MEDIUM Conversation Fragments Persisted in Plaintext Logs -18 ▶
The skill creates .learnings/LEARNINGS.md, ERRORS.md, and FEATURE_REQUESTS.md containing verbatim conversation context including error messages, commands attempted, input parameters, and file paths. These logs may contain sensitive information mentioned in the conversation (API keys in error output, file paths, internal system names) and are written to the project filesystem without encryption or access controls.
MEDIUM Automatic Detection Triggers Reduce Human Oversight of Persistent Writes -38 ▶
The skill instructs the agent to automatically log entries without requiring explicit user confirmation when it detects specific speech patterns. This automation reduces the agent's opportunity to exercise judgment about what content is appropriate to persist, particularly when the input originates from an adversarial user.
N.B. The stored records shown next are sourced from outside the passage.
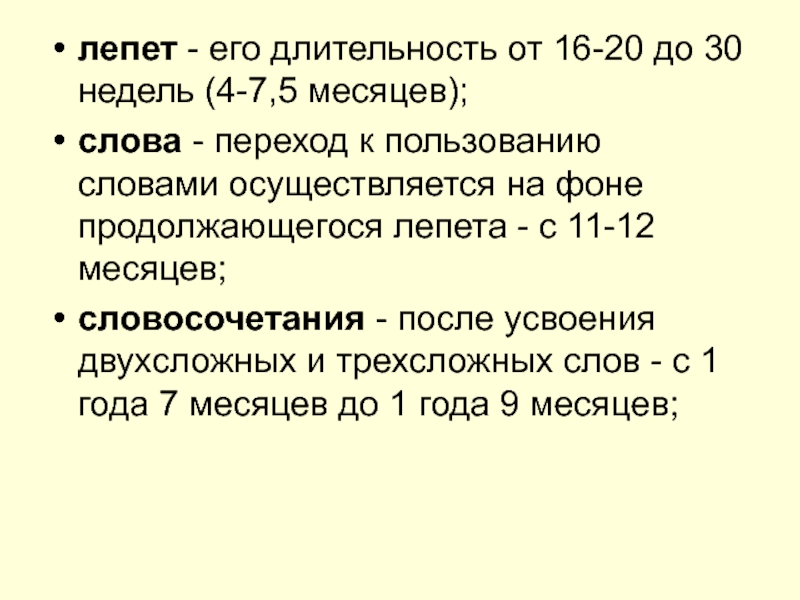 Слайд 5лепет - его длительность от 16-20 до 30 недель (4-7,5 месяцев);
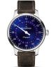 Zegarek męski MeisterSinger Perigraph - 38 mm Sunburst Blue BM1108_SV12 wprawia w ruch automatyczny mechanizm Sellita SW300 Swiss Made, którego rezerwa chodu liczy 42 godziny. Jego pracę odsłania zakręcany, przeszklony dekiel. Na pasku z zamszowej skóry w kolorze brązowym została umocowana stalowa koperta. Wypukłe szkło szafirowe chroni przed uszkodzeniem niebieską tarczę. Ten jednowskazówkowy model wyróżnia oryginalny datownik w postaci pomarańczowej strzałki znajdującej się na wysokości godziny dwunastej.
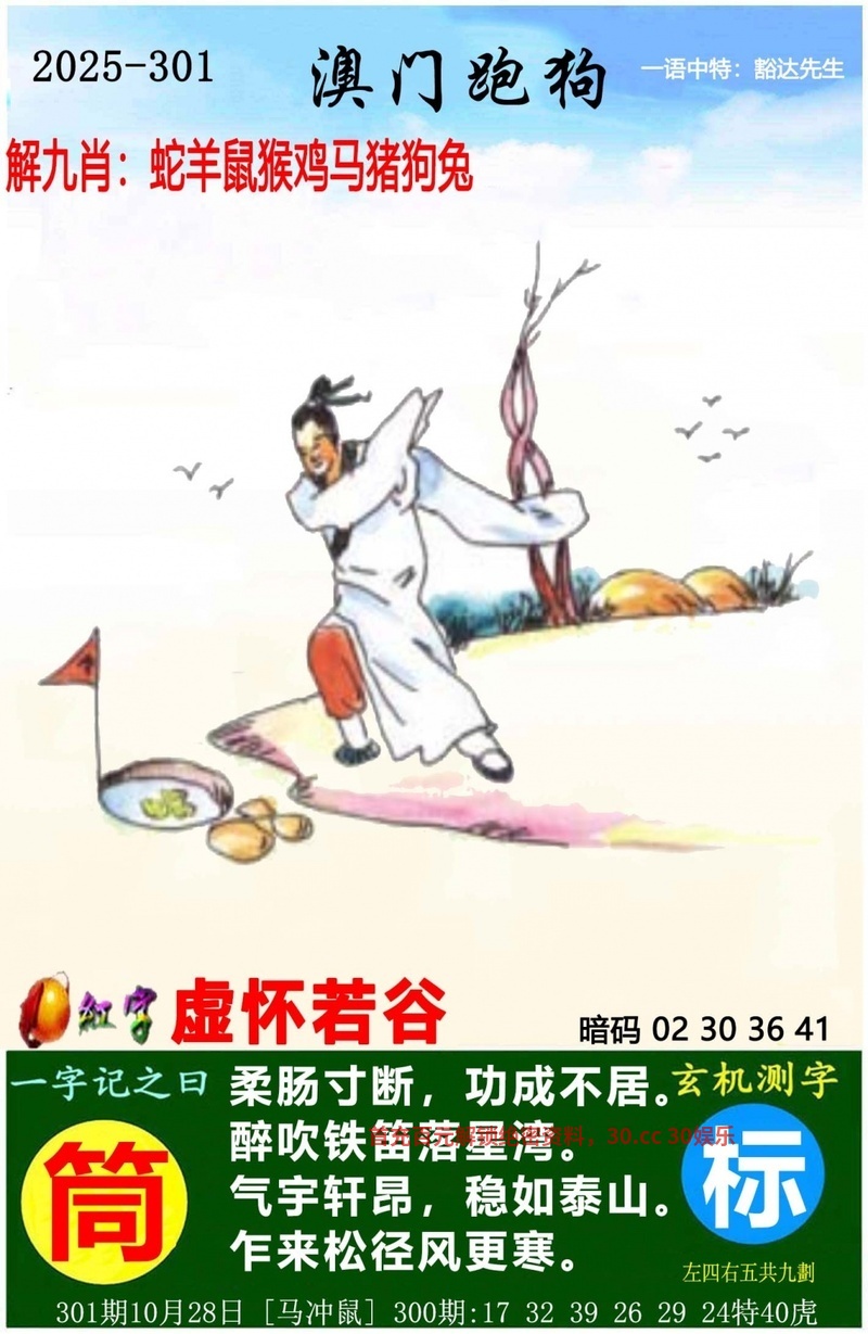 | 301期 | 牛鸡猴兔 | 中:3肖 |
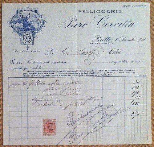 Carta Intestata - Biella - Piero Cervetta - Pelliccerie - 1928

LOW Undocumented Co-installed Dependency: academic-research-hub -18 ▶
The .clawhub/lock.json file reveals that academic-research-hub v0.1.0 was installed alongside this skill. This dependency is not mentioned in SKILL.md and has not been audited. The interaction between two co-active skills could produce emergent behaviors not present in either skill individually.
INFO Multiple Canary File Access Events Recorded -15 ▶
Auditd PATH records show the set of canary files (.env, .ssh/id_rsa, .aws/credentials, .npmrc, .docker/config.json, gcloud creds) were accessed at four distinct time points during the audit window. Pattern is consistent with the openclaw audit framework performing periodic canary integrity checks. All files confirmed intact by final canary check.